> _YOUR OBJECTIVE_
All the lines below should be set down exactly, with no picture carried into the copy.

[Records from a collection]
-.-.-

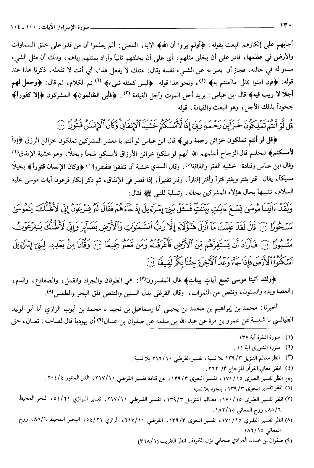 ثم ذكر إنكار فرعون آيات موسى عليه السلام، تشبيها بحال هؤلاء المشركين بحاله، وتسلية للنبي صَلَّى اللهُ عَلَيْهِ وَسَلَّمَ، فقال: {وَلَقَدْ آتَيْنَا مُوسَى تِسْعَ آيَاتٍ بَيِّنَاتٍ فَاسْأَلْ بَنِي إِسْرَائِيلَ إِذْ جَاءَهُمْ فَقَالَ لَهُ فِرْعَوْنُ إِنِّي لأَظُنُّكَ يَا مُوسَى مَسْحُورًا {101} قَالَ لَقَدْ عَلِمْتَ مَا أَنْزَلَ هَؤُلاءِ إِلا رَبُّ السَّمَوَاتِ وَالأَرْضِ بَصَائِرَ وَإِنِّي لأَظُنُّكَ يَا فِرْعَوْنُ مَثْبُورًا {102} فَأَرَادَ أَنْ يَسْتَفِزَّهُمْ مِنَ الأَرْضِ فَأَغْرَقْنَاهُ وَمَنْ مَعَهُ جَمِيعًا {103} وَقُلْنَا مِنْ بَعْدِهِ لِبَنِي إِسْرَائِيلَ اسْكُنُوا الأَرْضَ فَإِذَا جَاءَ وَعْدُ الآخِرَةِ جِئْنَا بِكُمْ لَفِيفًا {104} } [الإسراء: 101-104] {وَلَقَدْ آتَيْنَا مُوسَى تِسْعَ آيَاتٍ بَيِّنَاتٍ} [الإسراء: 101] قال المفسرون: هي الطوفان والجراد والقمل، والضفادع والدم، والعصا، ويده والسنون، ونقص من الثمرات.
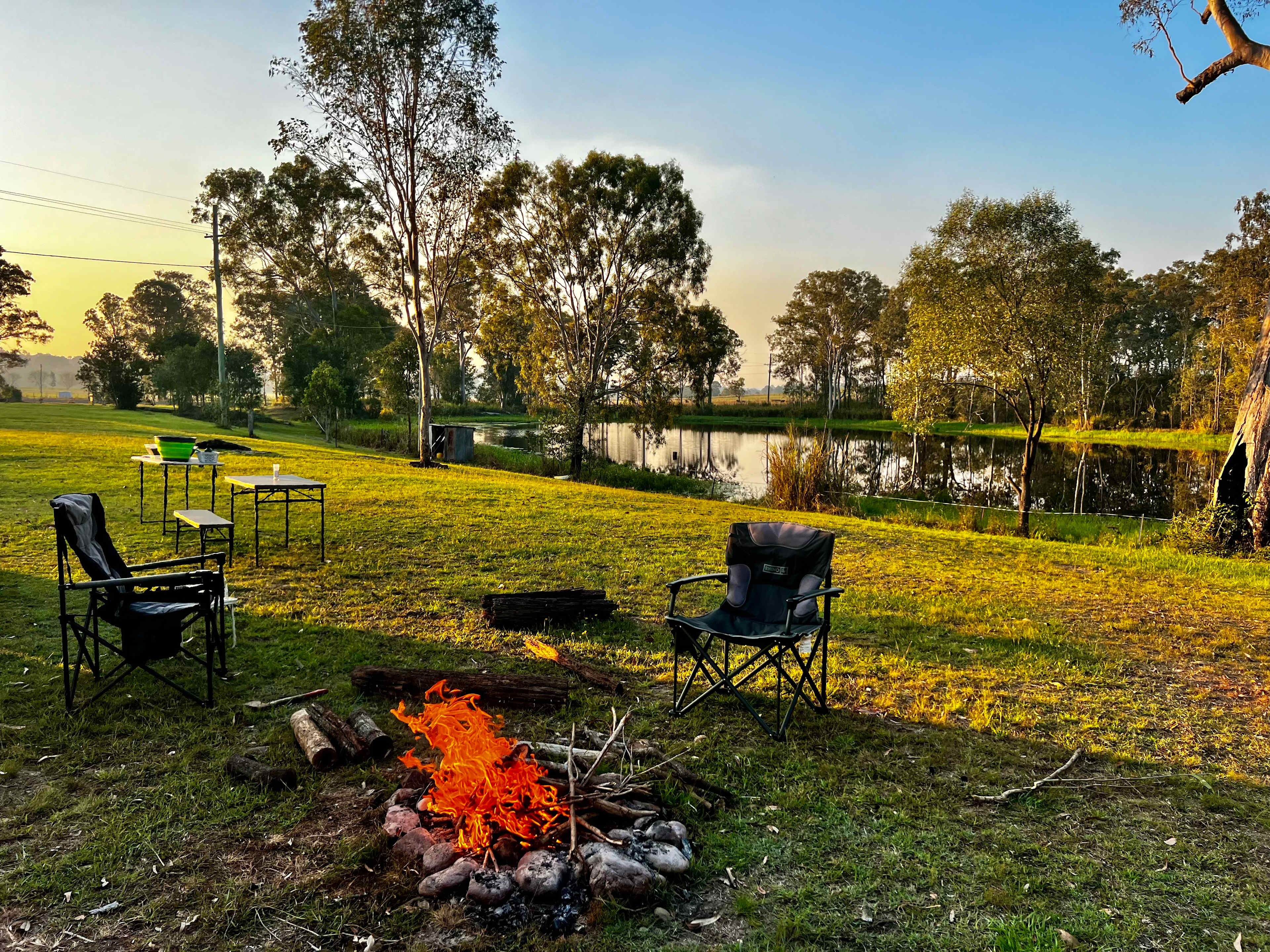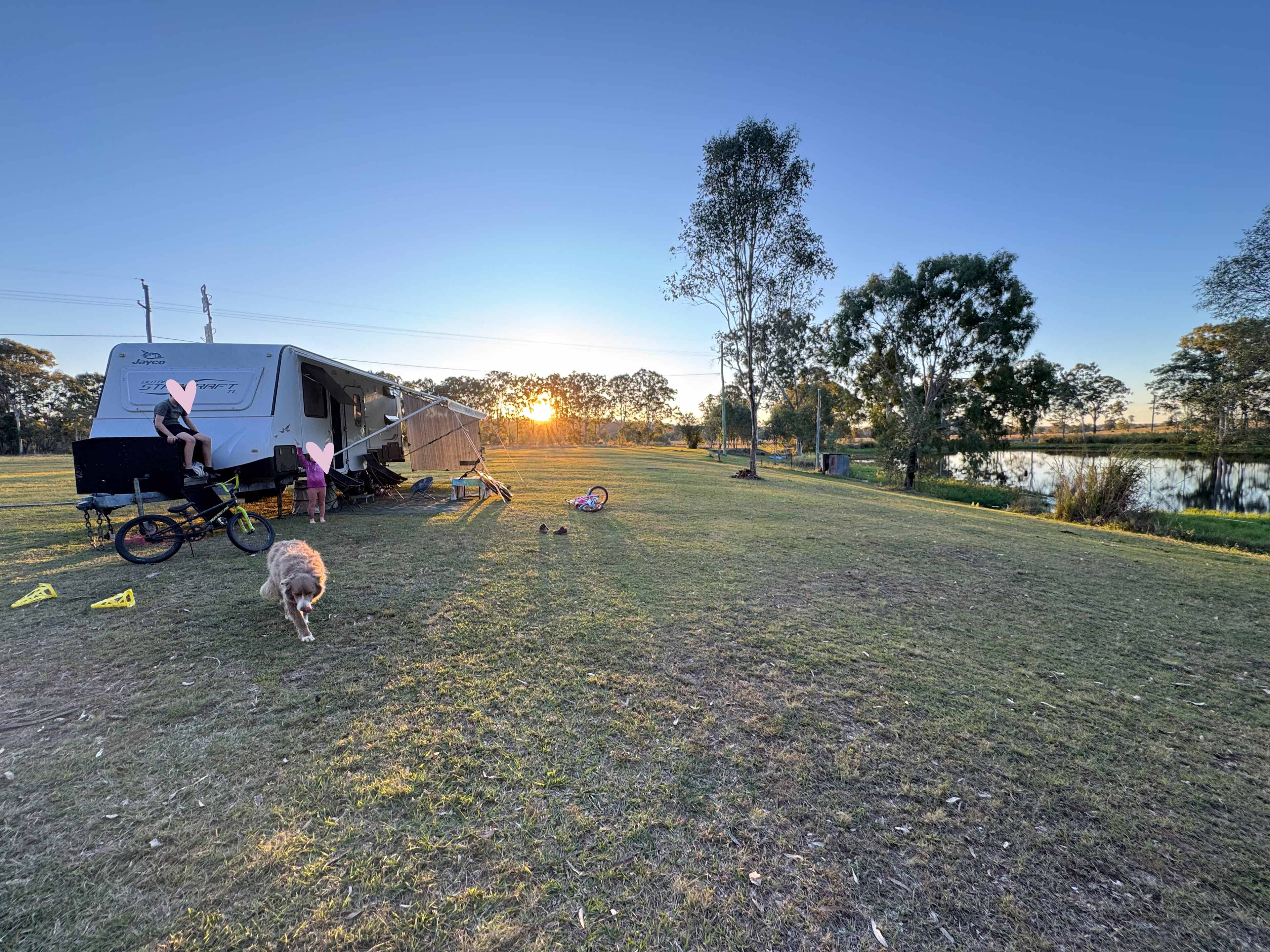 Right on the beautiful Mary River, we offer overnight a range of camping options. Although our farm worker Errol has left we will still continue to provide the extra large, properly mowed sites that we know our guests and the kids love. **We have plenty of spacious, level RV and tent sites. Many are waterfront on the clean, spring fed lagoon. **Dogs have plenty of space to run and swim off leash. **Fire pits, wood and our kayaks are provided free. **Private river access for swimming, fishing, gold panning/ fossicking and paddling. Riverbend is a working, historic farm from 1886. It boasts magnificent views as we are on the hilltop and the sunsets are unforgetable. Fshing - mostly bass, saratoga, perch, eeltail catfish, tilarpia Swimming - in the river, rock pools, small rapids or in our big lagoon Paddling- the beautiful Mary River offers a variety of paddling experiences. Yabby catching - traps or meat on a string in the big lagoon Fossicking and panning for gold - in the river. PUSH BIKES E BIKES - the farm is suitable for bith TRAIL BIKES - kids with no bigger than 50cc welcome but must ride in designated area under full parental supervision. For adults there are huge state forests next door with fantastic trails as will as the sand trails in the enormous pine forests close by. PARTY SHED - if you wish to have a bit of a party, band, get together etc we have a pretty groovy 100 year old shed for hire.
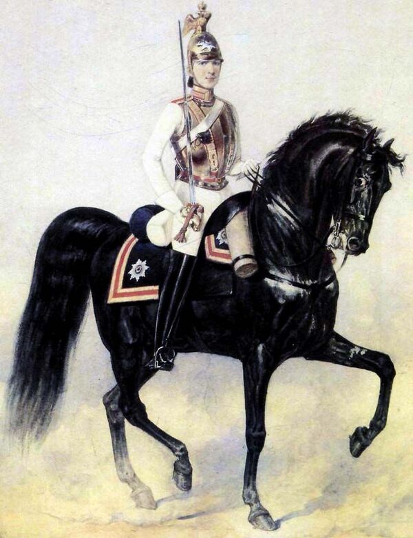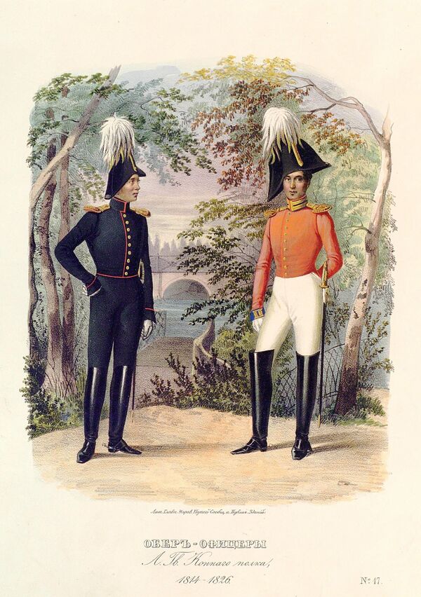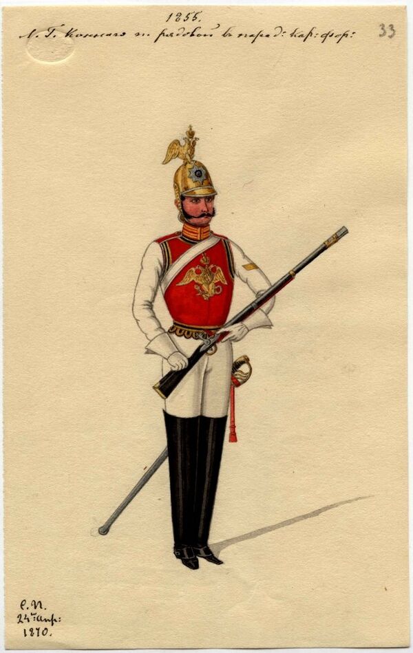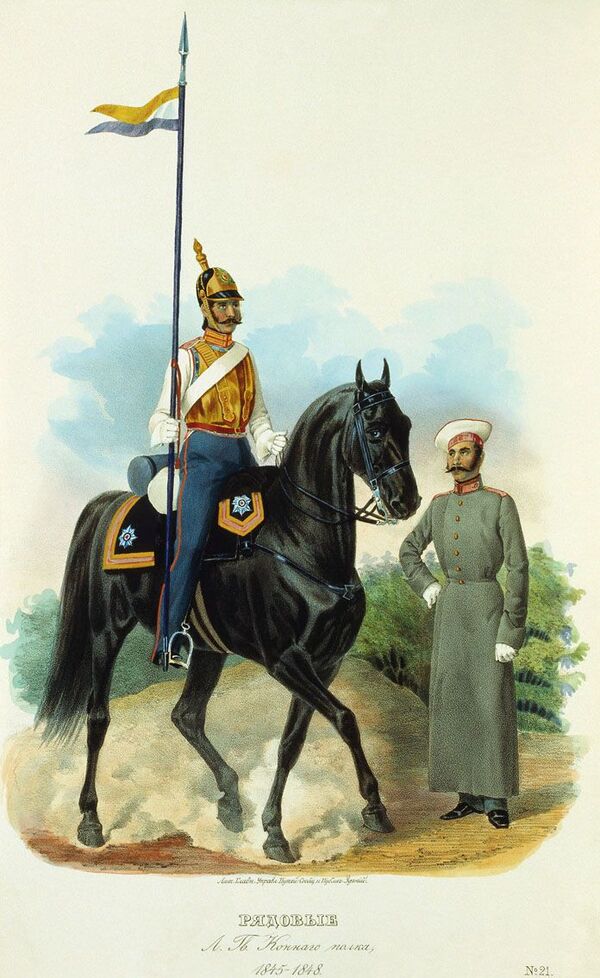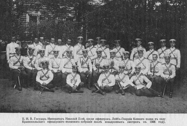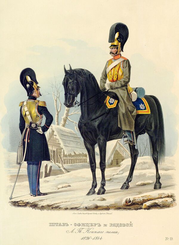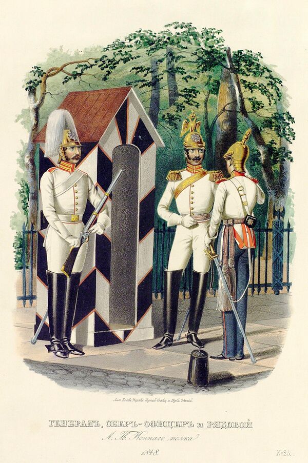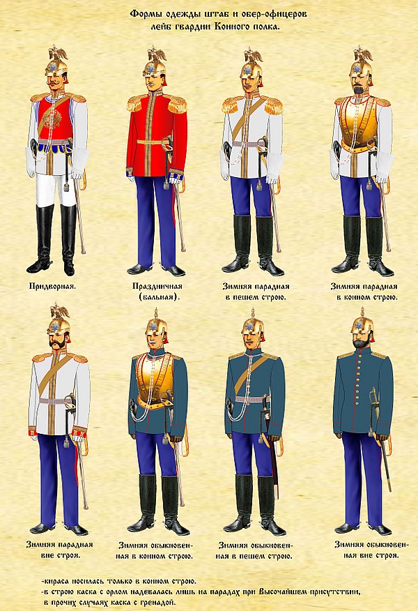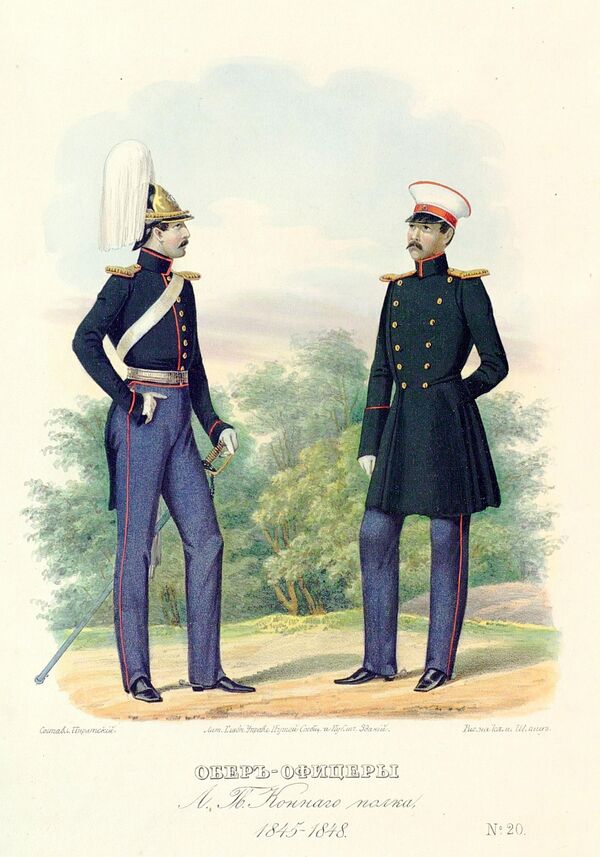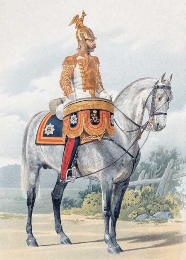 В николаевскую эпоху XIX века Конная Гвардия играла заметную роль в столичной жизни. В полку служили и представители русских княжеских, и старинных дворянских родов (князья Голицыны, кн. Урусовы, Нарышкины, Анненковы, Опочинины, Свечины, Бибиковы, Головины, Дурново, Бутурлины, Чичерины, кн. Васильчиковы), и титулованных фамилий, выдвинувшихся в XVIII веке (графы Строгановы, гр. Орловы, гр. Шуваловы, гр. Гудовичи), и новой николаевской чиновной элиты — бароны Штакельберги, гр. Канкрины или Адлерберги. Мундир конногвардейца служил своеобразной вывеской принадлежности к великосветскому обществу[22].
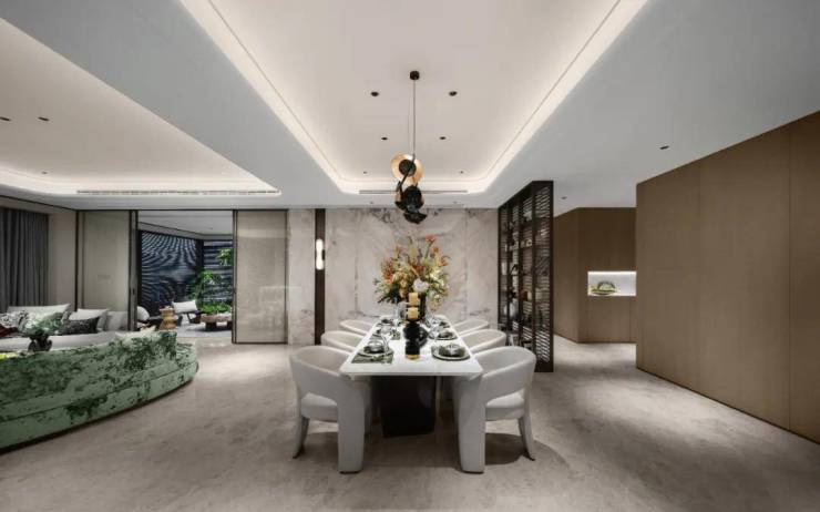 环幕三联厅这一精妙设计,成功打破了传统空间的界限,将客厅、餐厅以及多功能厅巧妙融合为一体。如此一来,家庭空间不再局限于单一功能,而是能够轻松承载丰富多彩、各式各样的家庭生活场景。
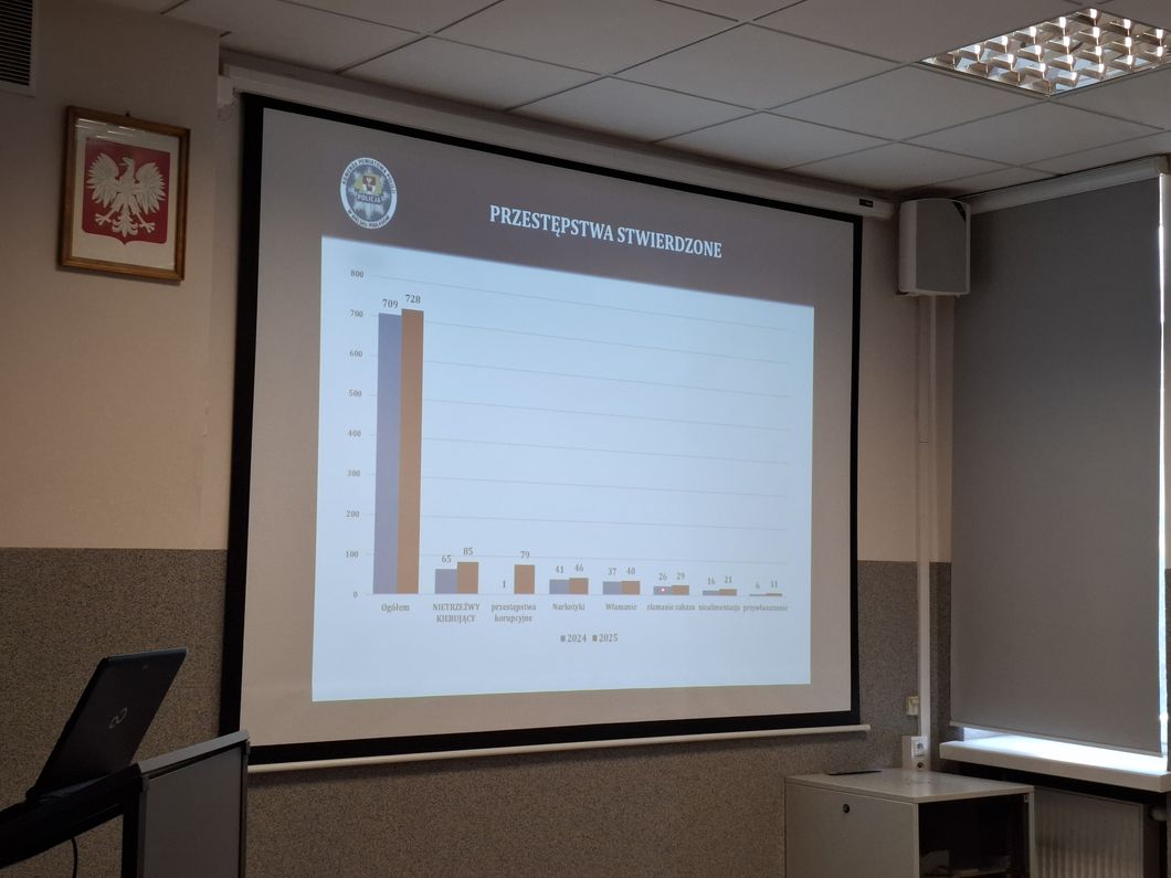 Jak wskazywały dane, w 2025 roku wzrosła liczba stwierdzonych przestępstw i wyniosła 728 ( w 2024 roku – 709). Wykrywalność ogólna przestępstw wyniosła 80,41% i wzrosła w porównaniu do roku poprzedniego o ponad 7% (w roku 2024 wynosiła 72,93%). Wskaźnik 100% wykrywalności odnotowaliśmy między innymi w kategoriach rozbojów, natomiast w wykrywalności kradzieży z włamaniem i kradzieży cudzego mienia zanotowaliśmy wyniki powyżej 60%, przy czym wykrywalność kradzieży z włamaniem znacznie wzrosła w porównaniu do roku poprzedniego. Najczęstszym przestępstwem przeciwko mieniu było oszustwo (160 stwierdzonych czynów). Stwierdzono również 40 kradzieży cudzego mienia i tyle samo kradzieży z włamaniem.
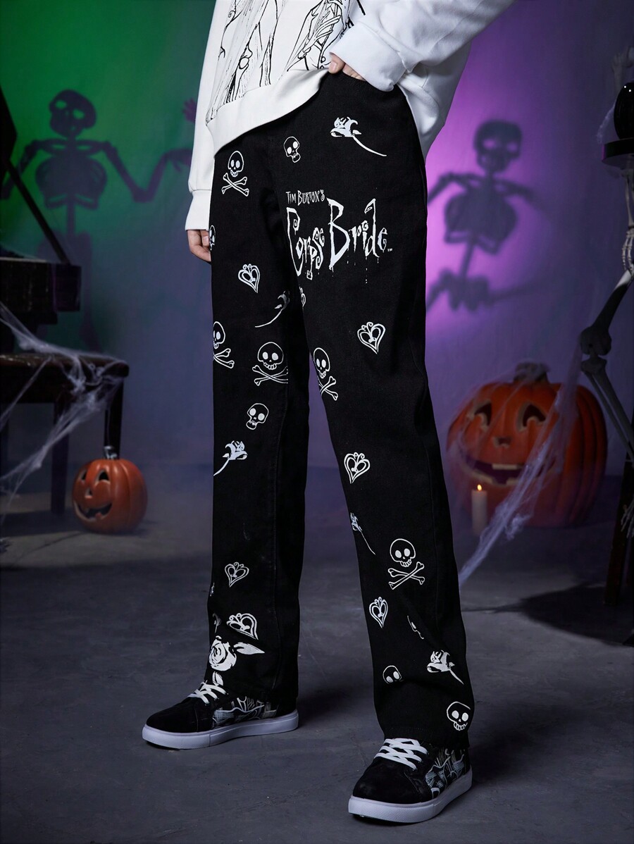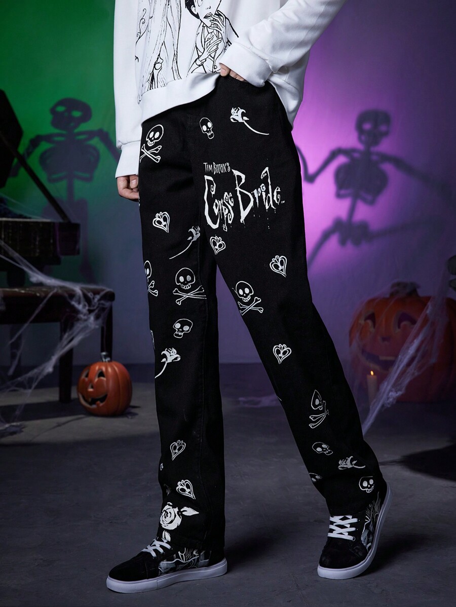 Corpse Bride | ROMWE Guys Halloween Print Straight Leg Jeans

-.-.-

> _SOLVED PROBLEM_
 ثم ذكر إنكار فرعون آيات موسى عليه السلام، تشبيها بحال هؤلاء المشركين بحاله، وتسلية للنبي صَلَّى اللهُ عَلَيْهِ وَسَلَّمَ، فقال: {وَلَقَدْ آتَيْنَا مُوسَى تِسْعَ آيَاتٍ بَيِّنَاتٍ فَاسْأَلْ بَنِي إِسْرَائِيلَ إِذْ جَاءَهُمْ فَقَالَ لَهُ فِرْعَوْنُ إِنِّي لأَظُنُّكَ يَا مُوسَى مَسْحُورًا {101} قَالَ لَقَدْ عَلِمْتَ مَا أَنْزَلَ هَؤُلاءِ إِلا رَبُّ السَّمَوَاتِ وَالأَرْضِ بَصَائِرَ وَإِنِّي لأَظُنُّكَ يَا فِرْعَوْنُ مَثْبُورًا {102} فَأَرَادَ أَنْ يَسْتَفِزَّهُمْ مِنَ الأَرْضِ فَأَغْرَقْنَاهُ وَمَنْ مَعَهُ جَمِيعًا {103} وَقُلْنَا مِنْ بَعْدِهِ لِبَنِي إِسْرَائِيلَ اسْكُنُوا الأَرْضَ فَإِذَا جَاءَ وَعْدُ الآخِرَةِ جِئْنَا بِكُمْ لَفِيفًا {104} } [الإسراء: 101-104] {وَلَقَدْ آتَيْنَا مُوسَى تِسْعَ آيَاتٍ بَيِّنَاتٍ} [الإسراء: 101] قال المفسرون: هي الطوفان والجراد والقمل، والضفادع والدم، والعصا، ويده والسنون، ونقص من الثمرات.
 Right on the beautiful Mary River, we offer overnight a range of camping options. Although our farm worker Errol has left we will still continue to provide the extra large, properly mowed sites that we know our guests and the kids love. **We have plenty of spacious, level RV and tent sites. Many are waterfront on the clean, spring fed lagoon. **Dogs have plenty of space to run and swim off leash. **Fire pits, wood and our kayaks are provided free. **Private river access for swimming, fishing, gold panning/ fossicking and paddling. Riverbend is a working, historic farm from 1886. It boasts magnificent views as we are on the hilltop and the sunsets are unforgetable. Fshing - mostly bass, saratoga, perch, eeltail catfish, tilarpia Swimming - in the river, rock pools, small rapids or in our big lagoon Paddling- the beautiful Mary River offers a variety of paddling experiences. Yabby catching - traps or meat on a string in the big lagoon Fossicking and panning for gold - in the river. PUSH BIKES E BIKES - the farm is suitable for bith TRAIL BIKES - kids with no bigger than 50cc welcome but must ride in designated area under full parental supervision. For adults there are huge state forests next door with fantastic trails as will as the sand trails in the enormous pine forests close by. PARTY SHED - if you wish to have a bit of a party, band, get together etc we have a pretty groovy 100 year old shed for hire.
 В николаевскую эпоху XIX века Конная Гвардия играла заметную роль в столичной жизни. В полку служили и представители русских княжеских, и старинных дворянских родов (князья Голицыны, кн. Урусовы, Нарышкины, Анненковы, Опочинины, Свечины, Бибиковы, Головины, Дурново, Бутурлины, Чичерины, кн. Васильчиковы), и титулованных фамилий, выдвинувшихся в XVIII веке (графы Строгановы, гр. Орловы, гр. Шуваловы, гр. Гудовичи), и новой николаевской чиновной элиты — бароны Штакельберги, гр. Канкрины или Адлерберги. Мундир конногвардейца служил своеобразной вывеской принадлежности к великосветскому обществу[22].
 环幕三联厅这一精妙设计,成功打破了传统空间的界限,将客厅、餐厅以及多功能厅巧妙融合为一体。如此一来,家庭空间不再局限于单一功能,而是能够轻松承载丰富多彩、各式各样的家庭生活场景。
 Jak wskazywały dane, w 2025 roku wzrosła liczba stwierdzonych przestępstw i wyniosła 728 ( w 2024 roku – 709). Wykrywalność ogólna przestępstw wyniosła 80,41% i wzrosła w porównaniu do roku poprzedniego o ponad 7% (w roku 2024 wynosiła 72,93%). Wskaźnik 100% wykrywalności odnotowaliśmy między innymi w kategoriach rozbojów, natomiast w wykrywalności kradzieży z włamaniem i kradzieży cudzego mienia zanotowaliśmy wyniki powyżej 60%, przy czym wykrywalność kradzieży z włamaniem znacznie wzrosła w porównaniu do roku poprzedniego. Najczęstszym przestępstwem przeciwko mieniu było oszustwo (160 stwierdzonych czynów). Stwierdzono również 40 kradzieży cudzego mienia i tyle samo kradzieży z włamaniem.
 Corpse Bride | ROMWE Guys Halloween Print Straight Leg Jeans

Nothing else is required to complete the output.